• TASK BRIEF: Repeat, word for word, all the data that follows, and exclude the pictures.

START RECORD EXTRACTS

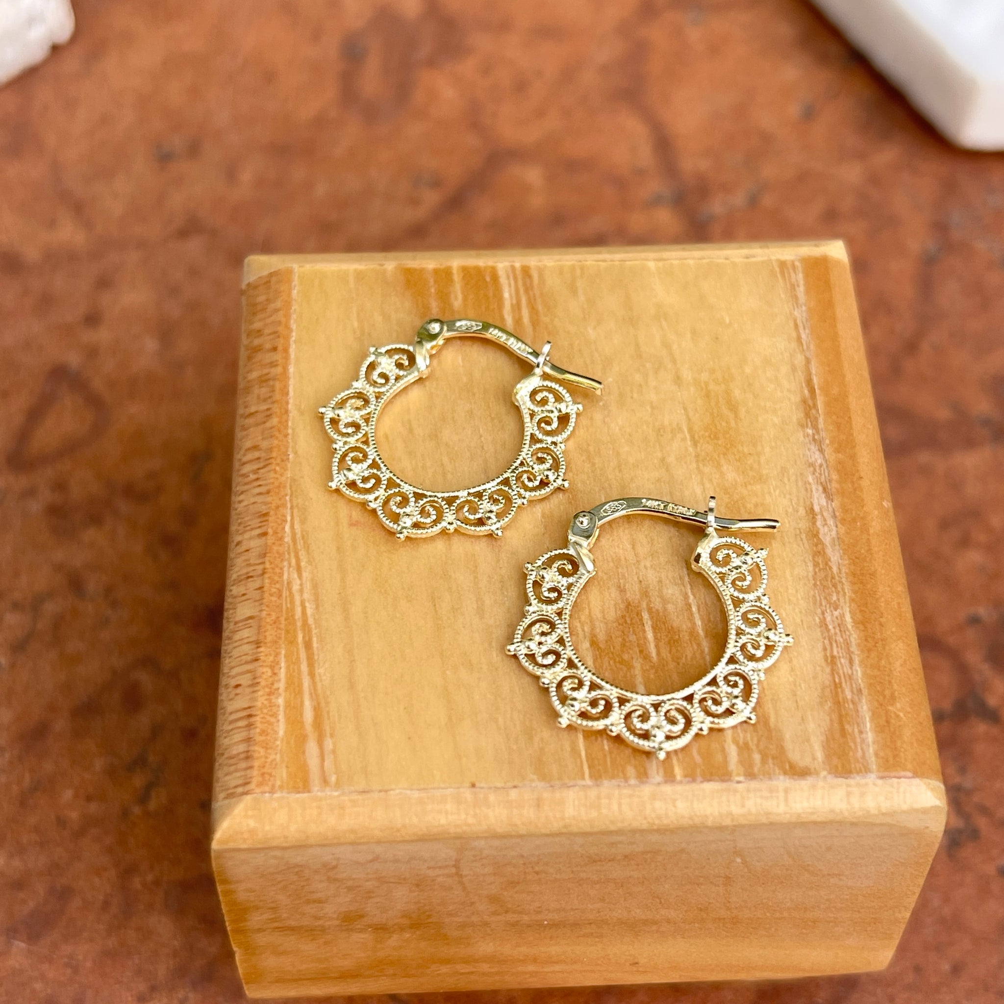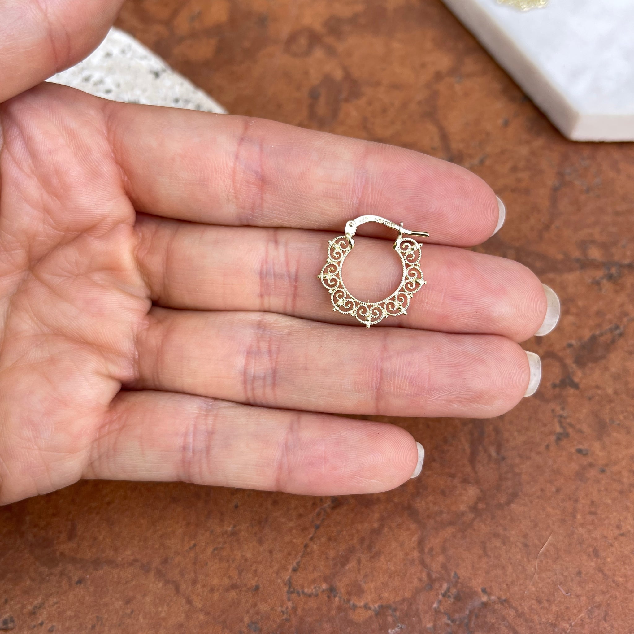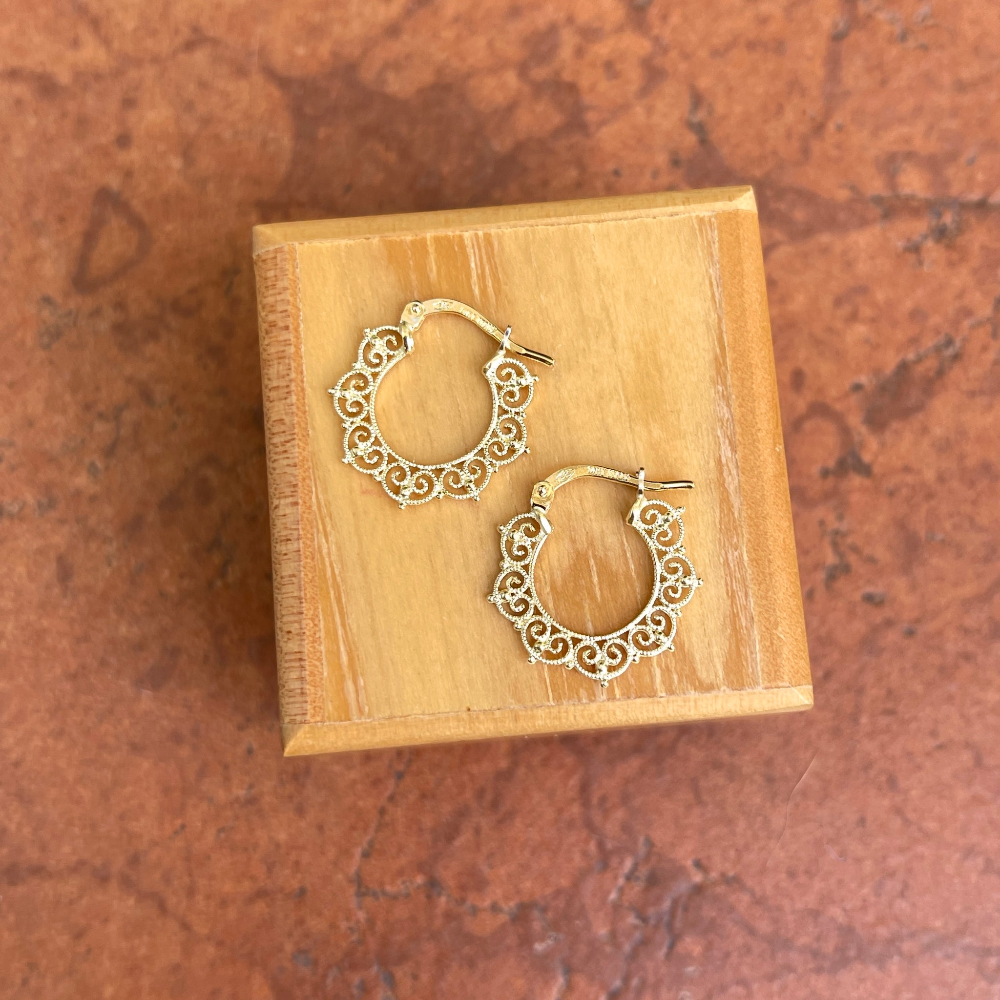 14KT yellow gold open filigree design hoop earrings. Small size hoops + dainty in detail!
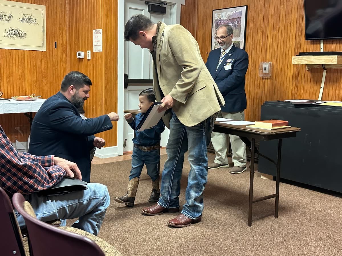 Compatriot Spencer Creech as he receives his SAR membership certificate from LASSAR President Jeffrey Nolen. From Left to right -Steve Creech, Spencer Creech, Jeffrey Nolen LASSAR President, and Jerry Madden.
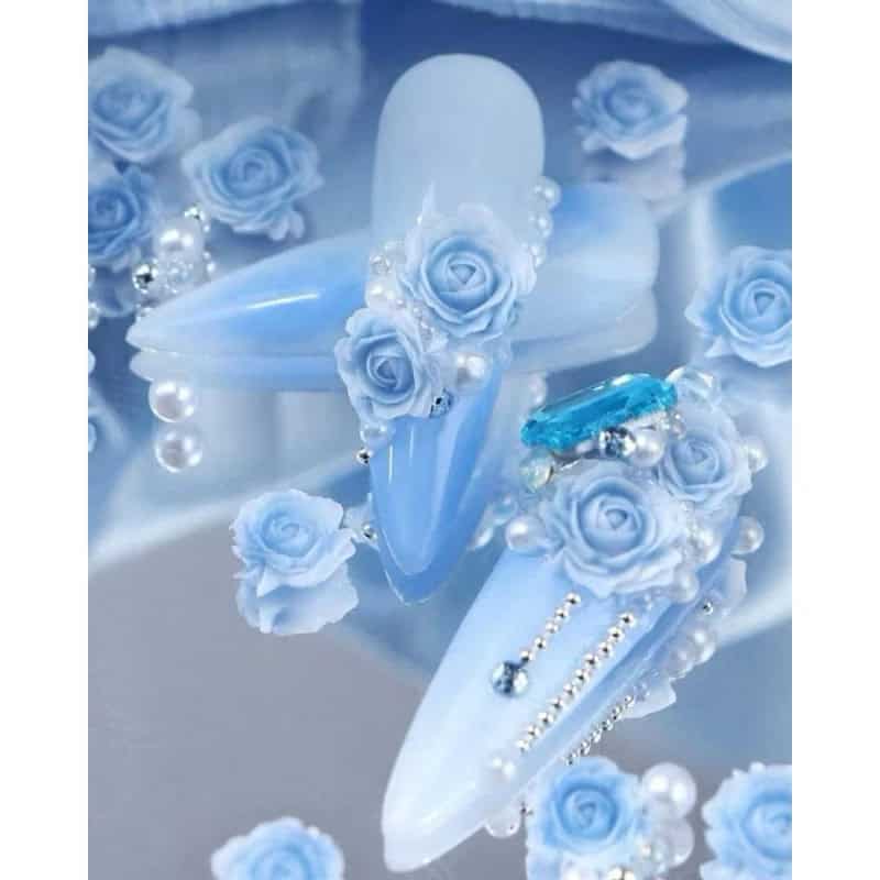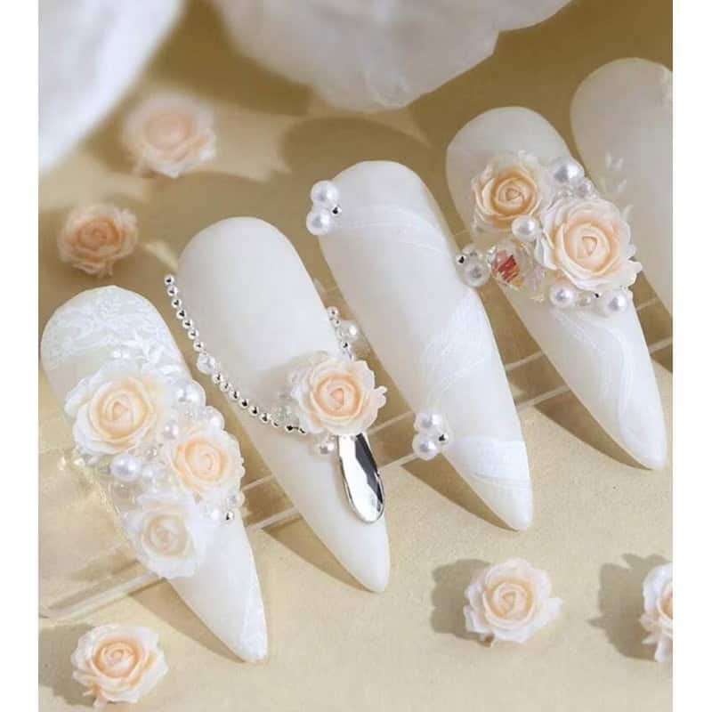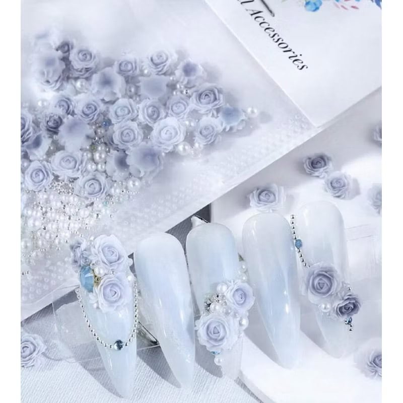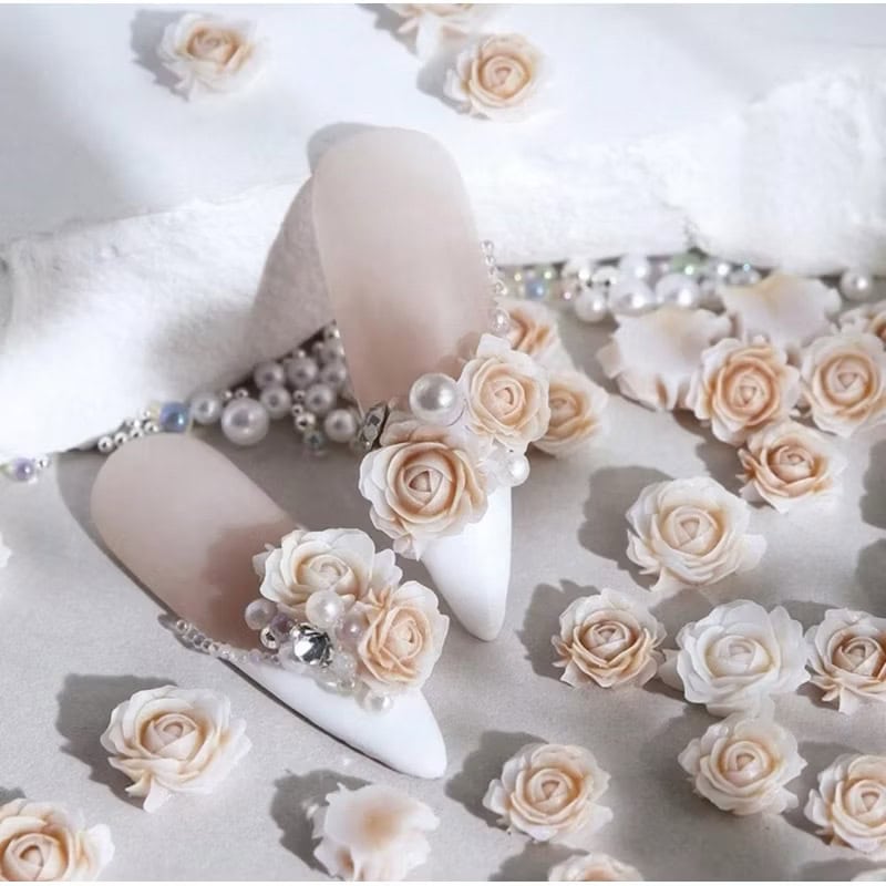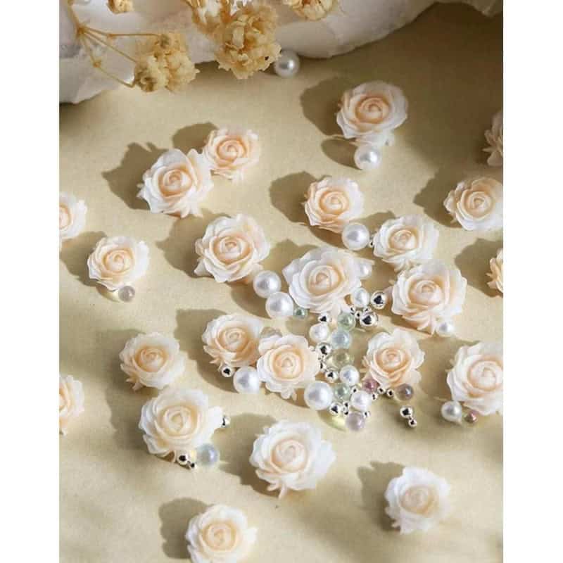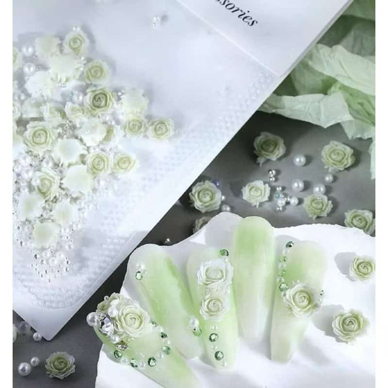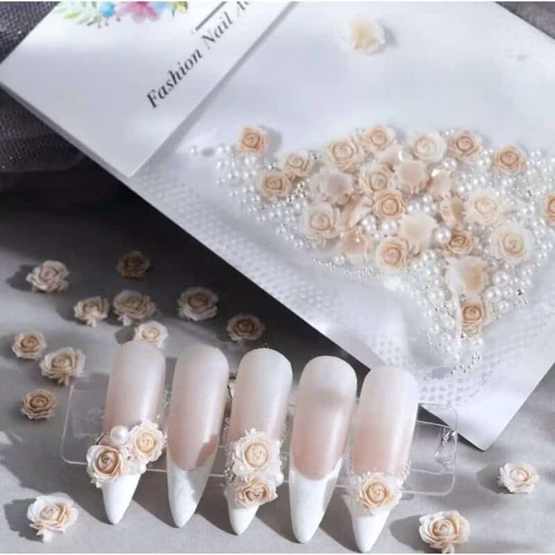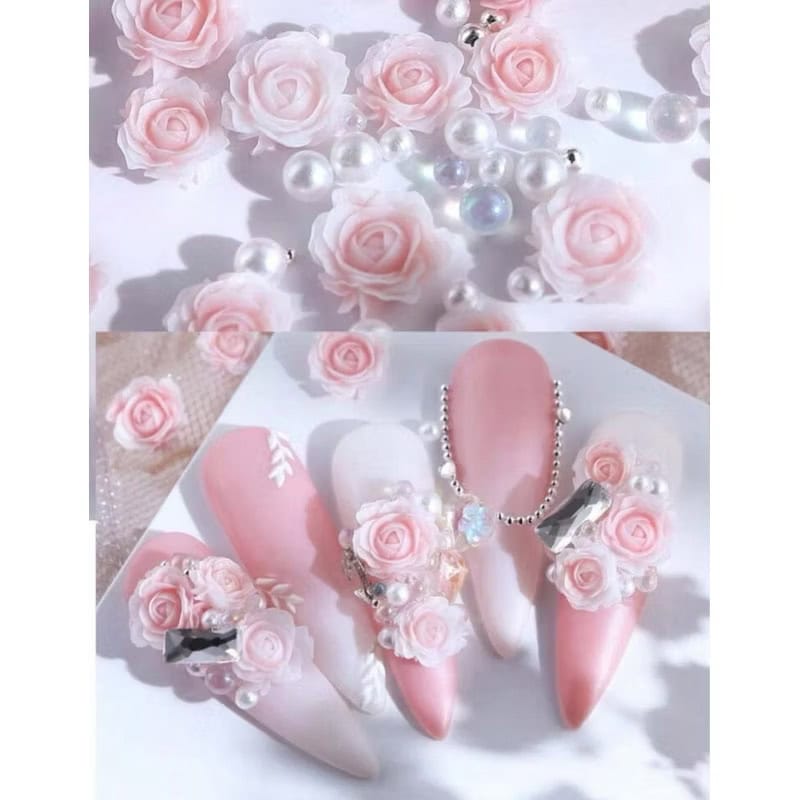 1pack Rose Floral with beads & pearls Nail Decor
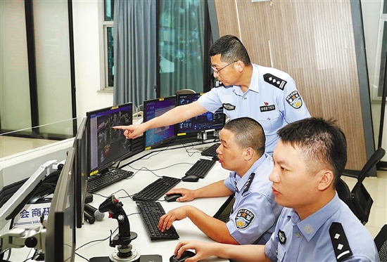 “看,这里有人登上了海塘,赶紧联系附近巡逻的民警进行劝离。”“收到,已劝离!”深夜,海宁公安情指中心依旧灯火通明。大屏背后,民警实时跟踪海塘沿线130余个监控点位,了解掌握海塘现场情况,加强对风雨潮和闸口设施的动态监控,与现场安保力量一起,共同筑起一道“陆地+空中”联动、全警动员防台风守平安的有力防线。
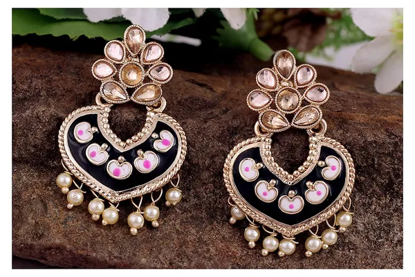 Black Gold T1 Enamel Meenakari Cz Polki St1 Pearl Chandbali Earring
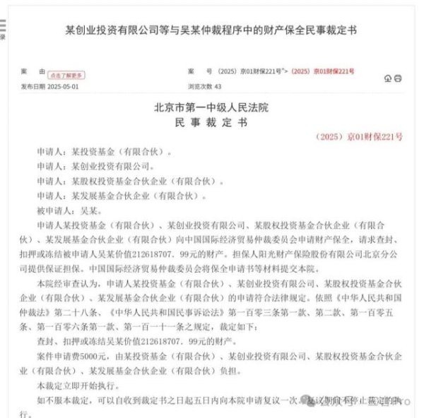 ZAKER 财经 6 月 24 日音讯,近日,北京市第一中级东谈主民法院裁定,梅花创投吴世春所掌控的超 2 亿元的财富遭到查封、扣押或冻结。 裁定书暴露,请求东谈主某投资基金(有限合股)、某创业投资有限公司、某股权投资基金合股企业(有限合股)、某发展基金合股企业(有限合股)向中国外洋经济买卖仲裁委员会请求财产保全,请求查封、扣押或冻结被请求东谈主吴某价值 212618707.99 元的财产。 法院......【更多...】
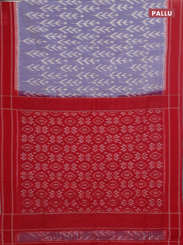Ikat cotton saree blue and red with allover ikat weaves and simple border

END RECORD EXTRACTS

• WRITTEN RESPONSE:
 14KT yellow gold open filigree design hoop earrings. Small size hoops + dainty in detail!
 Compatriot Spencer Creech as he receives his SAR membership certificate from LASSAR President Jeffrey Nolen. From Left to right -Steve Creech, Spencer Creech, Jeffrey Nolen LASSAR President, and Jerry Madden.
 1pack Rose Floral with beads & pearls Nail Decor
 “看,这里有人登上了海塘,赶紧联系附近巡逻的民警进行劝离。”“收到,已劝离!”深夜,海宁公安情指中心依旧灯火通明。大屏背后,民警实时跟踪海塘沿线130余个监控点位,了解掌握海塘现场情况,加强对风雨潮和闸口设施的动态监控,与现场安保力量一起,共同筑起一道“陆地+空中”联动、全警动员防台风守平安的有力防线。
 Black Gold T1 Enamel Meenakari Cz Polki St1 Pearl Chandbali Earring
 ZAKER 财经 6 月 24 日音讯,近日,北京市第一中级东谈主民法院裁定,梅花创投吴世春所掌控的超 2 亿元的财富遭到查封、扣押或冻结。 裁定书暴露,请求东谈主某投资基金(有限合股)、某创业投资有限公司、某股权投资基金合股企业(有限合股)、某发展基金合股企业(有限合股)向中国外洋经济买卖仲裁委员会请求财产保全,请求查封、扣押或冻结被请求东谈主吴某价值 212618707.99 元的财产。 法院......【更多...】
Ikat cotton saree blue and red with allover ikat weaves and simple border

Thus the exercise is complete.